Революционеры не останавливались перед самыми безнравственными путями, чтобы добраться до своих жертв. К тамбовскому губернатору фон дер Лауницу попытался проникнуть эсер, бывший семинарист, переодетый священником, якобы желавшим поблагодарить за подавление беспорядков в своей деревне. Но не застал свою жертву в Тамбове и настиг ее уже в Петербурге, на должности местного градоначальника. К председателю Совета министров Столыпину эсеры попытались добраться через его старшую дочь, рассчитывая, что по ее рекомендации удастся ввести в министерский дом террориста под видом учителя.

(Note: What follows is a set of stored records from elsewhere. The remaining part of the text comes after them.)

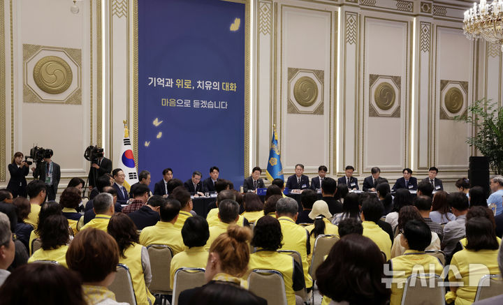 [서울=뉴시스] 최동준 기자 = 이재명 대통령이 16일 청와대 영빈관에서 열린 '기억과 위로, 치유의 대화' 사회적 참사 유가족과 간담회에서 유가족의 발언을 듣고 있다. 2025.07.16. [email protected]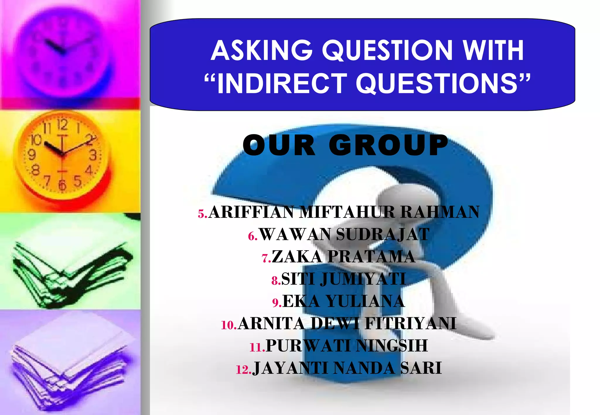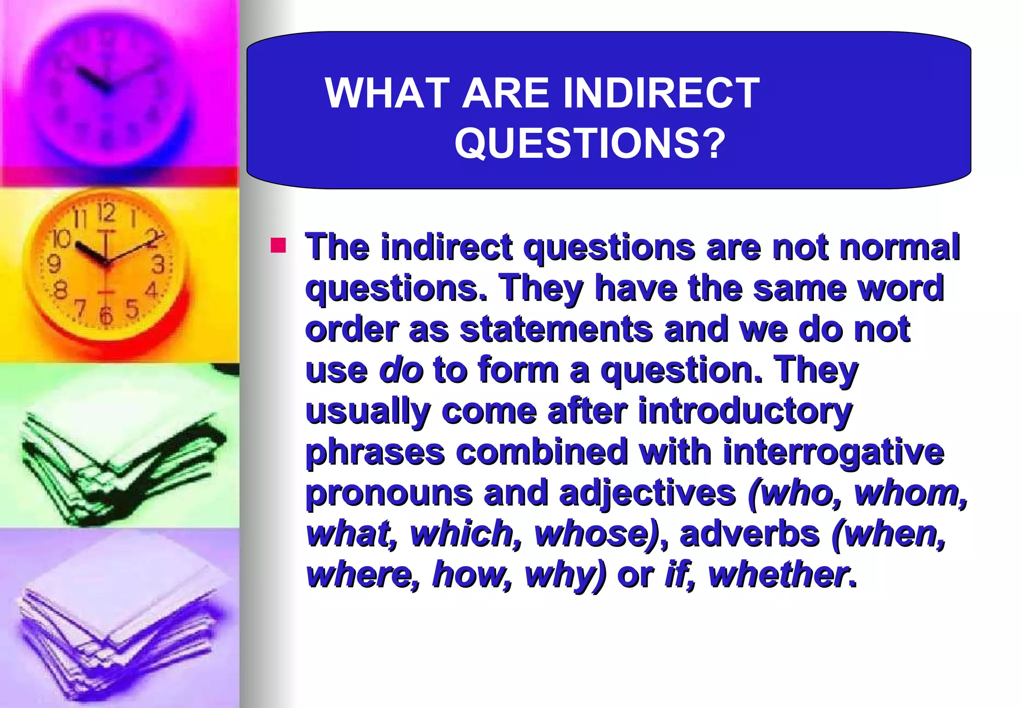 The document discusses indirect questions as a polite alternative to direct questions. Indirect questions have the same word order as statements and do not use "do" to form the question. They are preceded by polite requests like "Can you tell me..." or "Do you know..." asking for permission before posing the question. Indirect questions allow the person being questioned to choose whether to answer or not, making them more polite than direct questions when speaking to strangers or acquaintances. Examples are given of direct questions converted to indirect questions by adding a polite request before the question.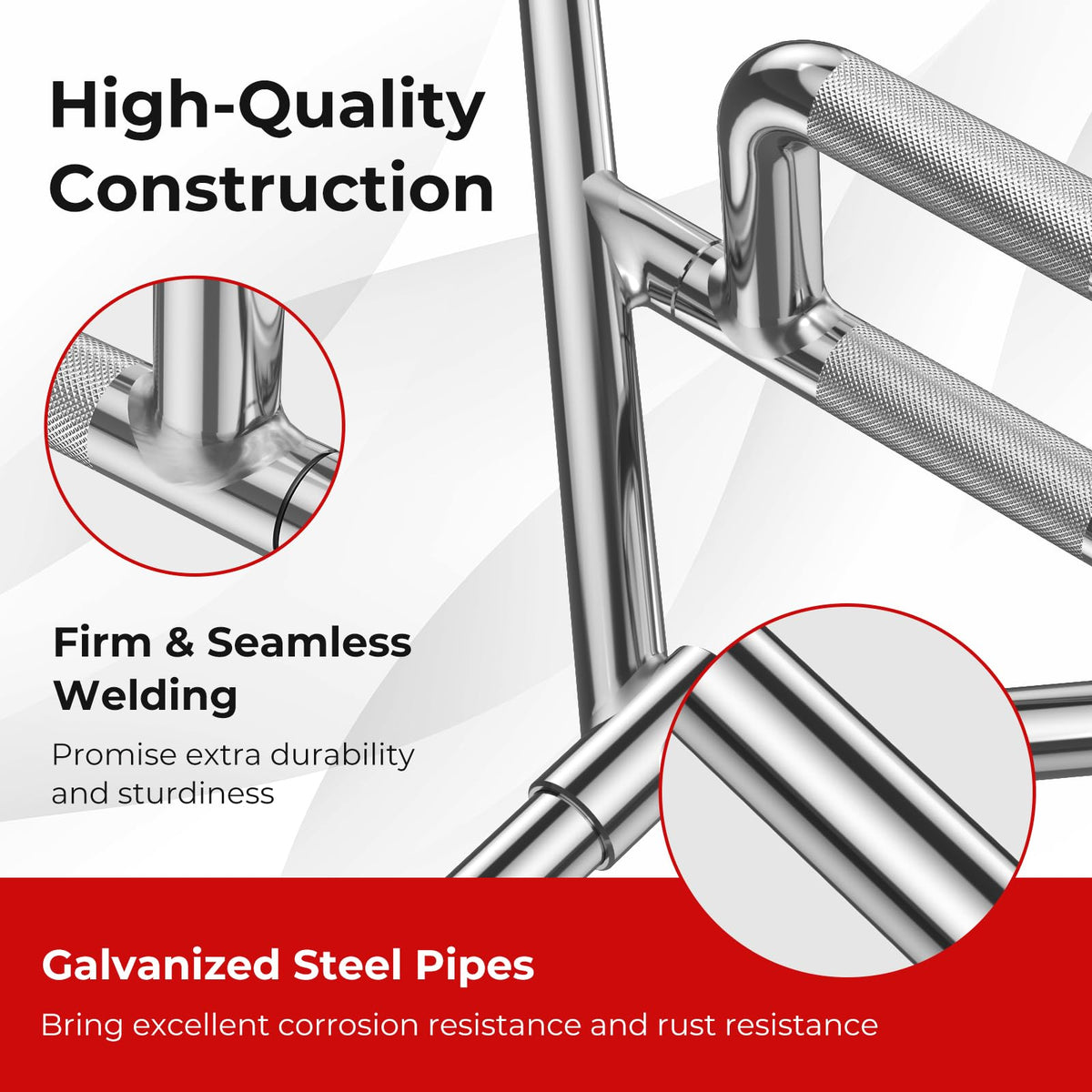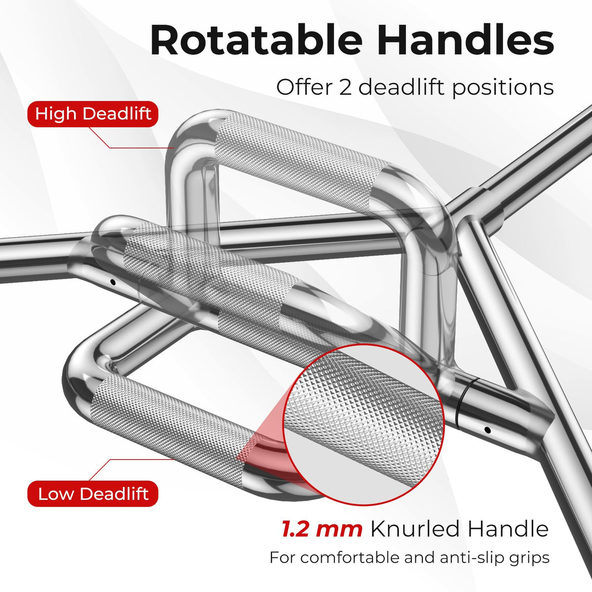 - 2 Different Grip Positions w/ Knurled Handles: Made of a tough and coarse texture that is cut in a diamond pattern on stainless steel grab bar. This hex bar features dual knurled handles that are designed to increase the friction and provide you a sturdy and comfortable grip when lifting heaving equipment.

Если убийства министров были единичны, то нижних чинов убивали сотнями. Все агенты власти сознавали, что каждый день для них может оказаться последним. «Каждый городовой, когда собирается на пост, должен невольно думать о том, что может с ним случиться сегодня то, что вчера случилось на этой улице с другим», – говорил М. А. Стахович.
Вместе с должностными лицами страдали те, кто случайно оказался рядом, – от родственников до случайных прохожих. Правда, Каляев не решился бросить бомбу в Великого Князя Сергея Александровича, увидев рядом с ним детей (племянника и племянницу), но Крушеван говорил «о массе случаев, когда отец, несчастный, занимающий какое-нибудь место по охране порядка, которая всегда и везде будет, нес своего ребенка – двухлетнего малютку, и убили этого малютку, эта кровь ребенка на нашем поколении ляжет позором».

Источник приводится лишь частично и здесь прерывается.